Ten years ago this morning, my wife remarked about the perfect fall day. Clear skies, low humidity and freshness in the air. Washington, DC hadn't seen such a refreshing day in months. The sweltering heat and humidity gave way to autumn's charms.
Around 9:20 a.m. ET, I checked the headlines at Washington Post. I had been online for hours, but not looking at local news. I was writing a news story for CNET. Across the top of the page was a one liner about an airplane striking the World Trade Center. We naturally assumed a small plane had struck one of the towers. While I looked for more details online, Anne checked CNN and gasped in the living room. I walked out to see video of both towers aflame. This was no small plane incident.
Events unfolded in rapid succession. Within minutes, the Pentagon was in flames; separately, the President talked about terrorist attacks. By the time we learned about the Pentagon, news reports clearly indicated that airliners had struck both towers. We figured this had to be the case in Virginia at the Pentagon. About 25 minutes after we first learned about the devastation at the Twin Towers, a plane crashed in Pennsylvania -- fourth highjack of the morning.
I flipped from channel to channel, riveted to the news coverage, but found MSNBC to be most useful. We watched in awe and confusion when the first tower collapsed. “Oh my, God! It’s gone,” my wife gasped; she's a New Jersey native, and The World Trade Center had more personal meaning for her. Neither of us could believe the tower had collapsed. My stricken wife went out for a walk and so didn’t see the second tower fall.
About a year earlier, a good friend of ours relocated from Takoma Park, Md. to northern New Jersey; he had taken a job with the Federal Communications Commission in New York, where he worked at Seven World Trade Center. We called his wife and learned that he had left the building, which collapsed later that day, and started walking out of New York.

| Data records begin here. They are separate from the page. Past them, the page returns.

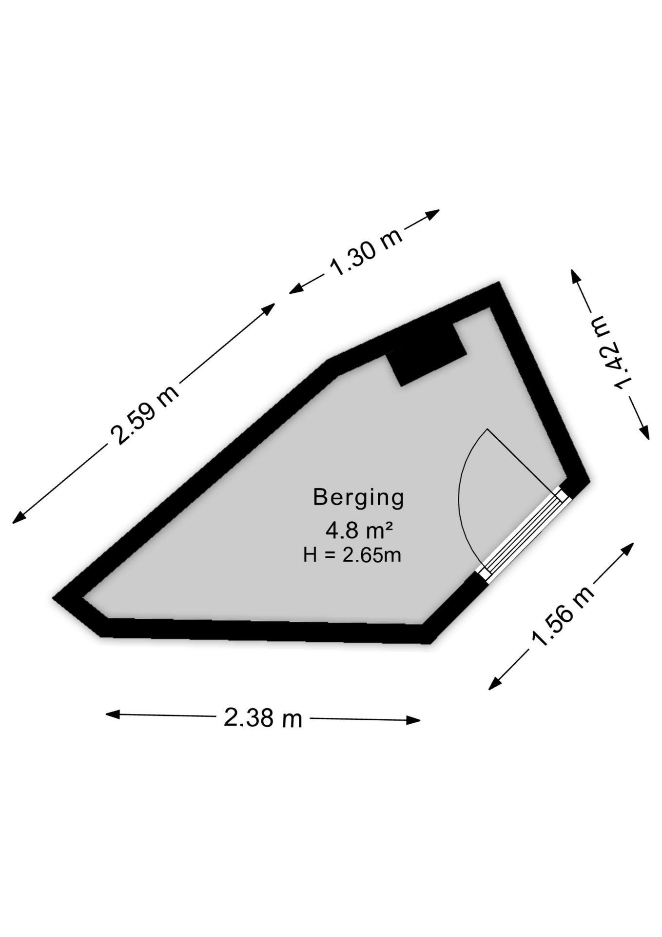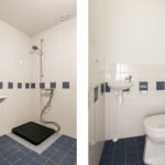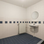 De slaapkamer is van een goed formaat en voorzien van HR++ beglazing. De badkamer is afgewerkt met een blauwe vloer en ingericht met een wastafel, douche en wasmachineaansluiting. Daarnaast is er een separate toiletruimte met blauwe tegels, een fontein en een staand toilet. De inpandige berging biedt praktische extra opslagruimte en hier bevinden zich ook de stoppenkast en de mechanische ventilatiebox.
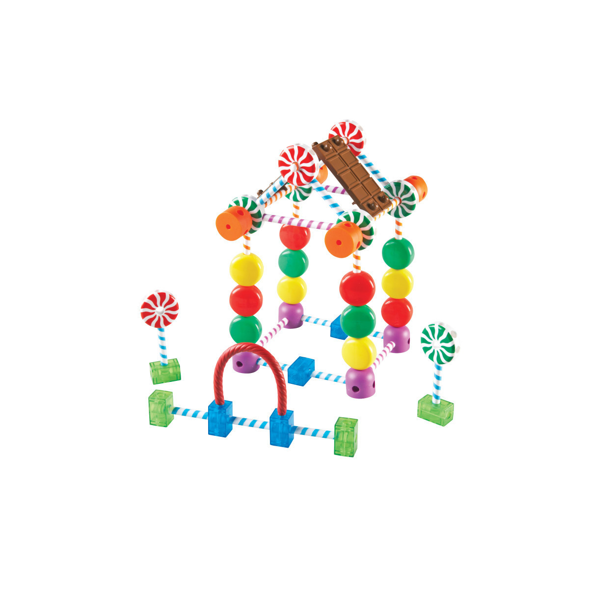 Candy Construction™ Little engineers build sweet structures, fine motor strength and foundational STEM skills! Includes chunky, durable candy pieces in a variety of fun, familiar designs plus Activity Guide with illustrated, step-by-step building directions. Largest piece measures 7"L x .5" in diameter. Grades PreK+. Set of 92. Includes: 32 Small, medium and large swirl sticks, 8 Green swirl connectors, 8 Red swirl connectors, 8 Gumdrop pieces, 12 Colored disks, 8 Green connectors, 8 Blue connectors, 4 Bendy twists, 4 Chocolate panels.
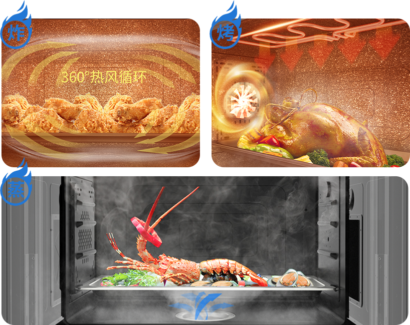 擁有四大烤制模式,三大蒸菜模式,
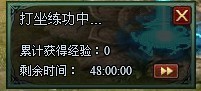 进入打坐状态。该状态下玩家可以在每60秒获得一次经验成长。在没有体力值的情况下也可以修炼追上其他玩家。

I struggled to get work stuff done for about 10 days following the terrorist attacks. I wasn’t depressed or even frightened. I personally felt that death and devastation -- like the extension of a humankind psyche had been wounded. But something else: We knew people personally impacted both in New York and Northern Virginia.
We really all are connected, in more obvious ways than we realize. There’s a concept called “six degrees of separation”, which Hungarian writer Frigyes Karinthy proposed in the 1929 short story “Chains.” The concept proposes that no two people are separated by more than five intermediaries, which works out to six degrees of separation. Long ago, I realized there is the "9-11 degrees of separation". You don't have to go too far from your circle of family or friends to find someone impacted by the terrorist attacks 10 years ago today.